(Exercise data begins)

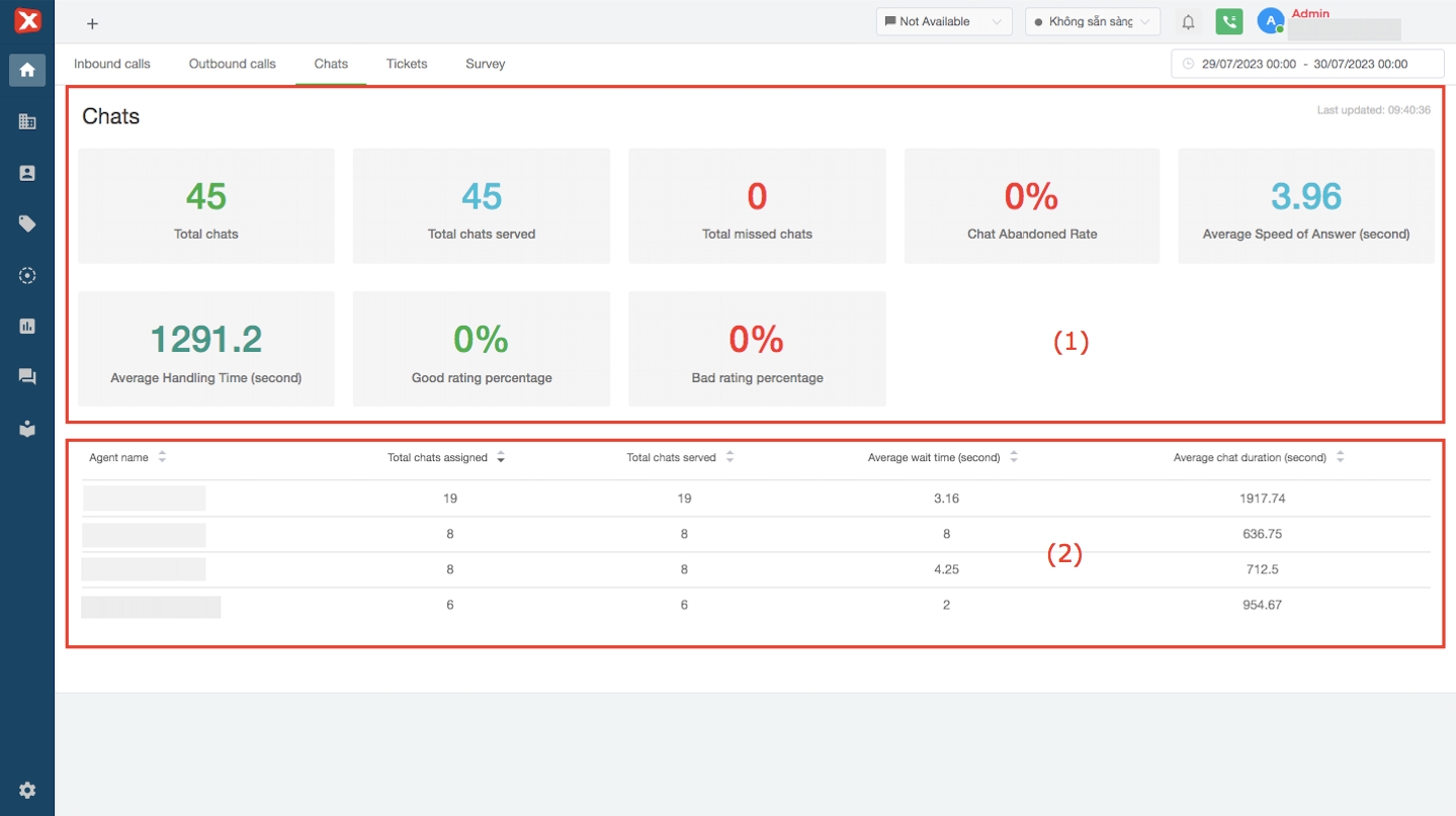 Good rating percentage: the percentage of total well-rated chats to total received chats.
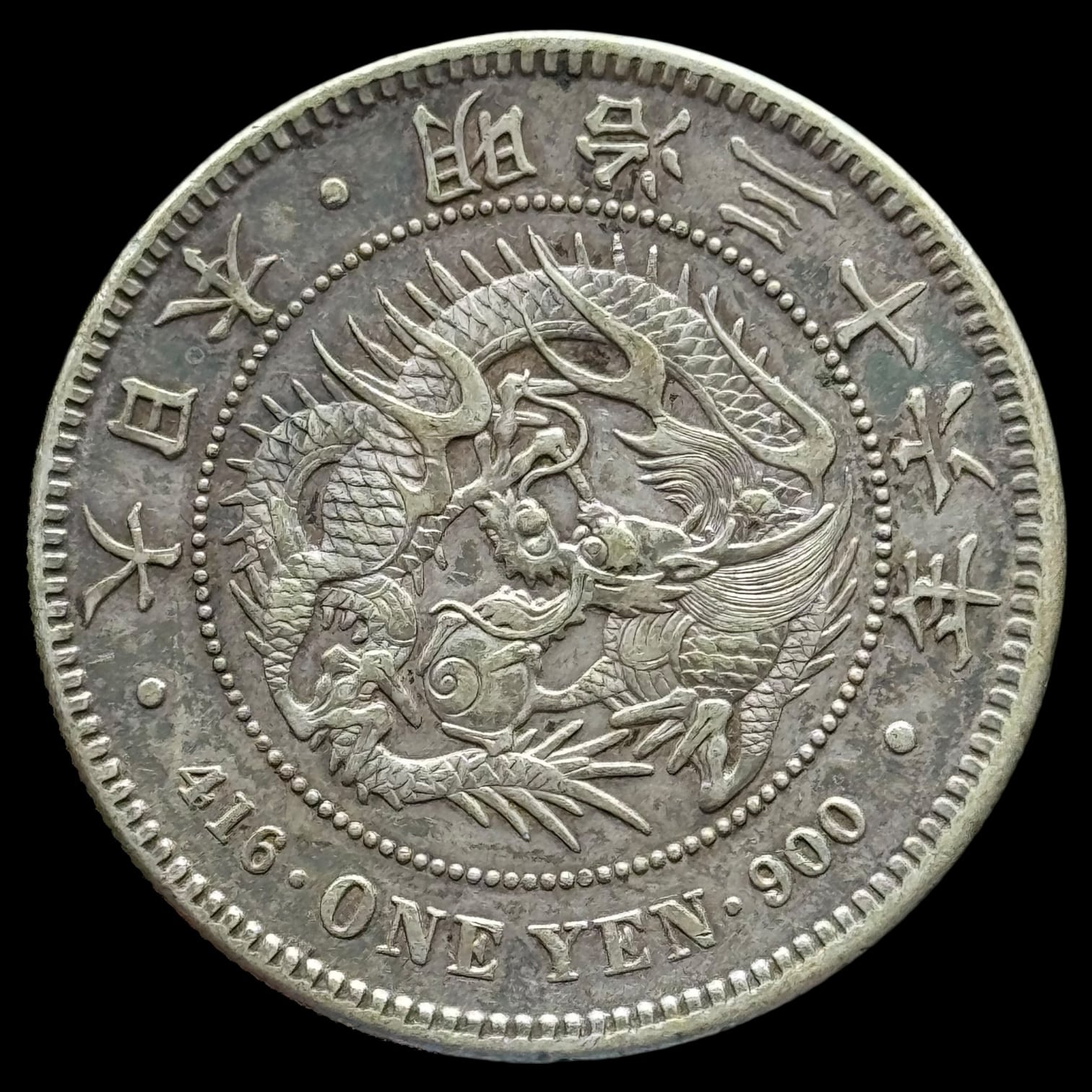 Japan, one yen, år 36 “1903, KM / Y A25.3, Kva. 1+-01
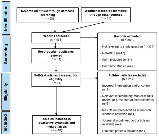 A total of 458 studies were obtained from the three database searches, and an additional 15 studies were identified through reference screening and searching Google Scholar. These studies’ titles and abstracts were screened, and 386 were subsequently excluded. Duplicates were then removed from the remaining 87 studies, leaving 31 at the end of the screening phase. Full texts were obtained, when possible, for the remaining 31 studies, and a further 21 were excluded due to a lack of conformity to the inclusion and exclusion criteria. These were excluded for the following reasons: the intervention and/or control were inappropriate; absent relevant inflammatory marker results or inappropriate collection times; absent mean results with CIs; the journal was discontinued, thus, the article was absent; and the inclusion of diabetes patients. The remaining 10 studies [16,19,24,28,29,30,31,32,33,34] were all included in the systematic review and meta-analysis. A PRISMA flowchart detailing the study selection process is provided in Figure 1.
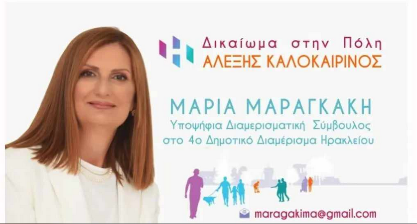 Η Μαρία Μαραγκάκη ειναι υποψήφια διαμερισματική Σύμβουλος στο 4ο Δημοτικό Διαμέρισμα με τον συνδυασμό Δικαίωμα στην πόλη και τον Αλέξη Καλοκαιρινό.
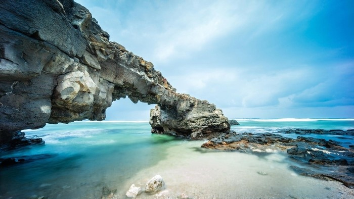 - 17h30: Đoàn tham quan Thạch Cổng Tò Vò, khó có nơi nào mà ngắm hoàng hôn đẹp như nơi này. Bầu trời đỏ rực trải dài trên mặt biển, lấp ló dưới mái vòm đá núi lửa tạo nên một bức tranh không thể lãng mạng hơn mà tạo hóa đã ban tặng cho con người.
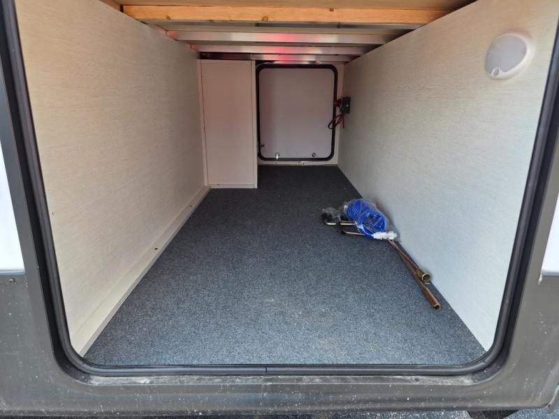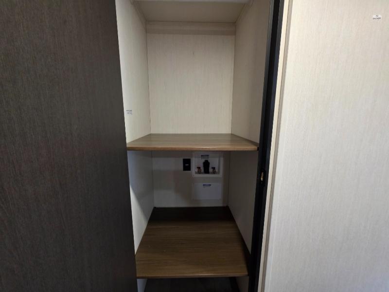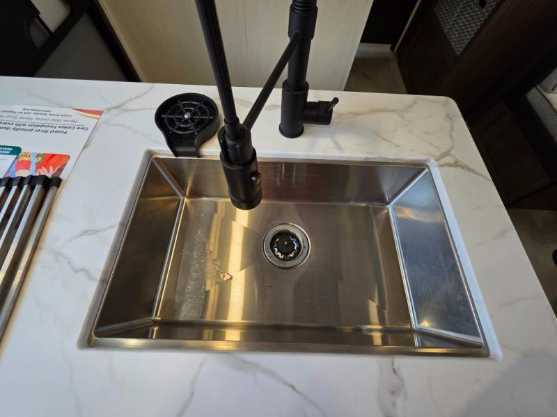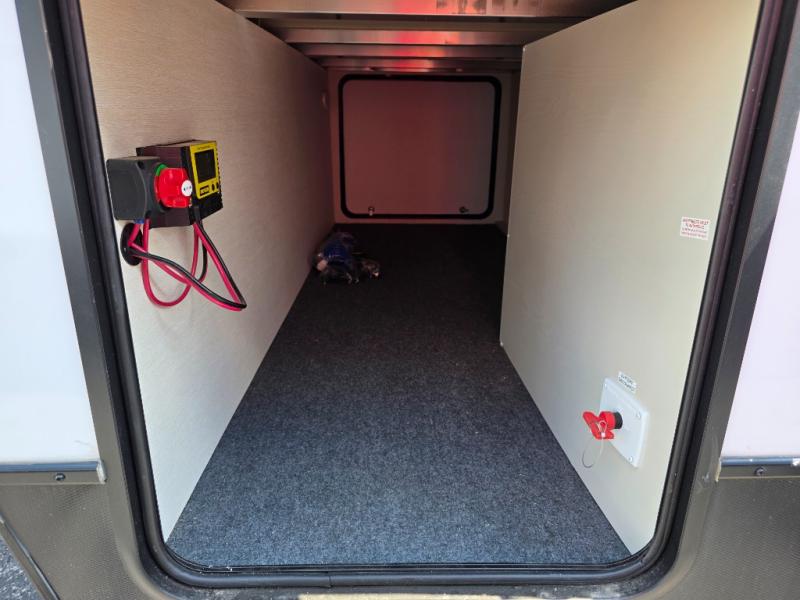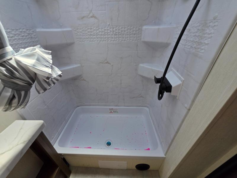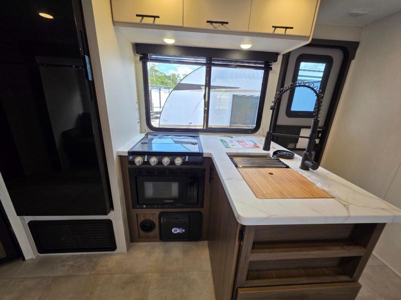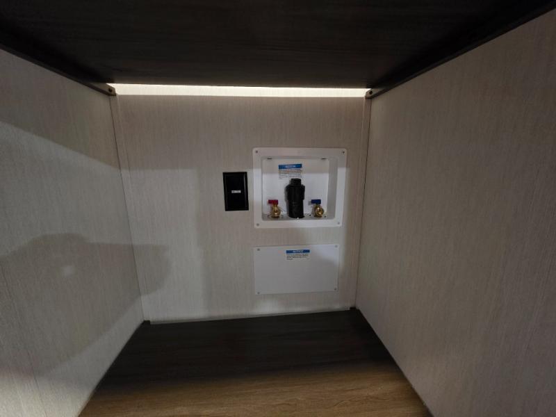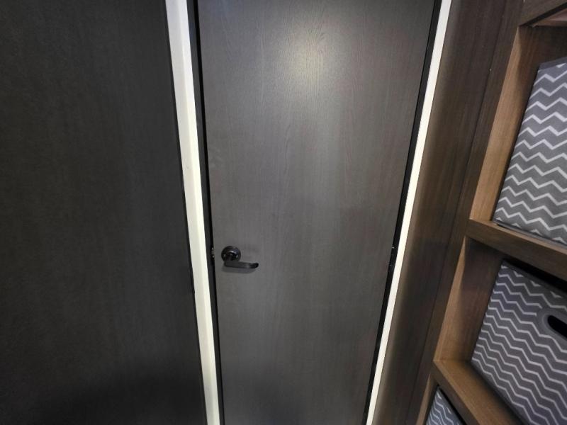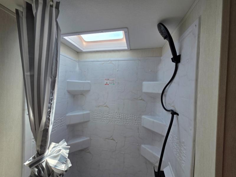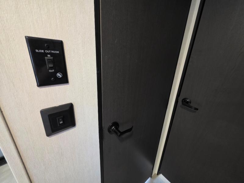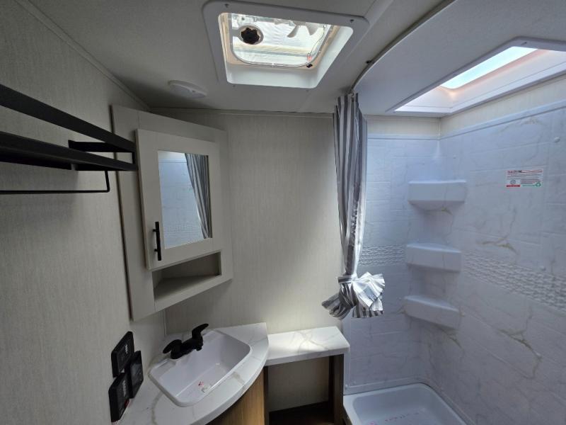 This travel trailer is the best option for a big family! The trailer boasts a spacious bunk bed above a sofa bed, providing ample sleeping space for kids and adults alike. The luxurious front king bed is a serene retreat, featuring expansive wardrobes and overhead cabinets for storing your essentials. The charming booth dinette is a cozy spot for meals or extra sleeping space, as well as the versatile jackknife sofa, which also provides additional sleeping space or a comfortable spot to relax. The sleek entertainment center is perfect for family movie nights. The well-appointed kitchen is equipped with a large fridge, convenient shelves, and a spacious pantry, making meal prep and storage an easy chore. The modern full bathroom features a well-stocked linen closet and provides a convenient space for freshening up. Plus, with two convenient entry/exit doors, this trailer offers added flexibility and ease of use, and the ample overhead cabinets provide additional storage space for your belongings.
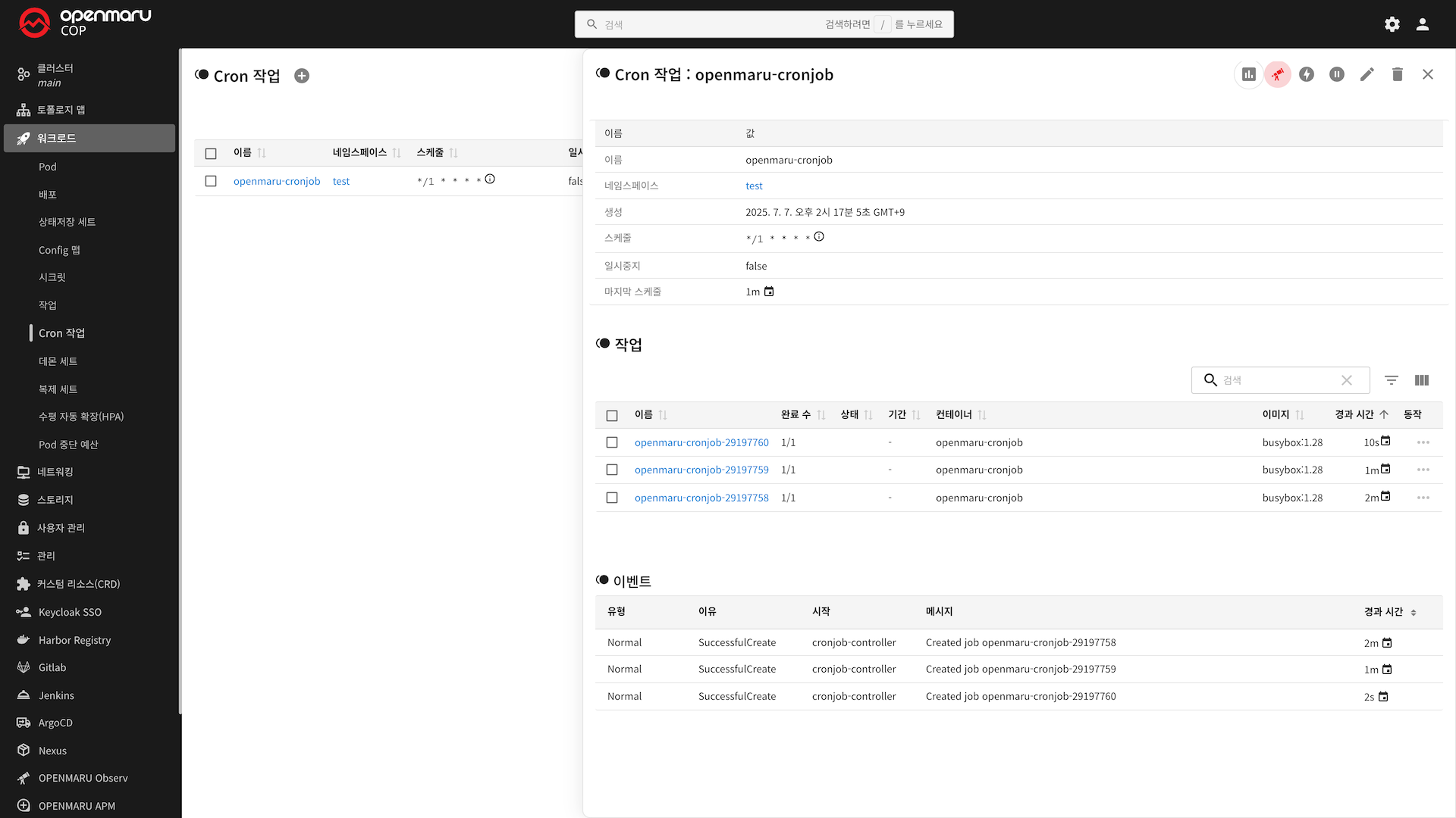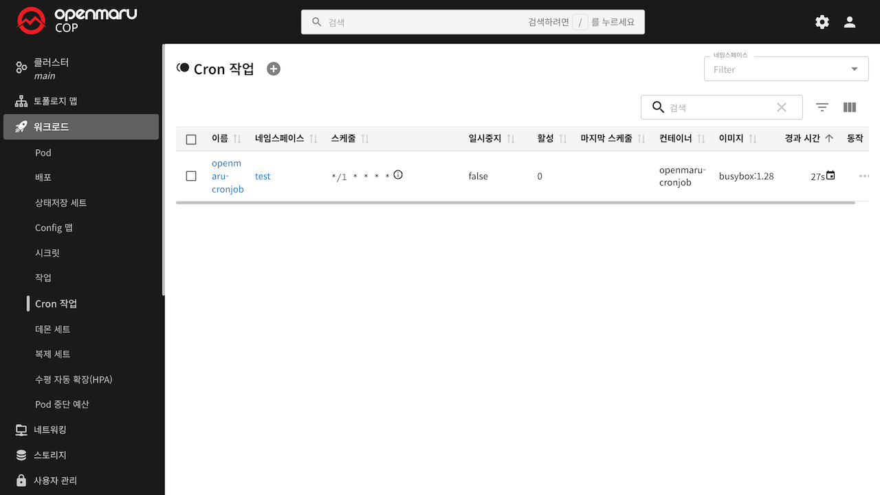 COP 콘솔의 'Cron 작업(CronJob)' 메뉴에서는 지정된 스케줄에 따라 주기적으로 작업을 실행하는 워크로드를 관리합니다. Cron 작업은 리눅스의 cron과 유사하게 동작하며, 데이터 백업, 리포트 생성, 이메일 발송 등 반복적인 태스크를 자동화하는 데 사용됩니다.

(Exercise data ends)

## What is needed
Set down word for word the lines from the first entry through the line with "Japan, one yen, år", both included, omitting pictures.

## Expected output
 Good rating percentage: the percentage of total well-rated chats to total received chats.
 Japan, one yen, år 36 “1903, KM / Y A25.3, Kva. 1+-01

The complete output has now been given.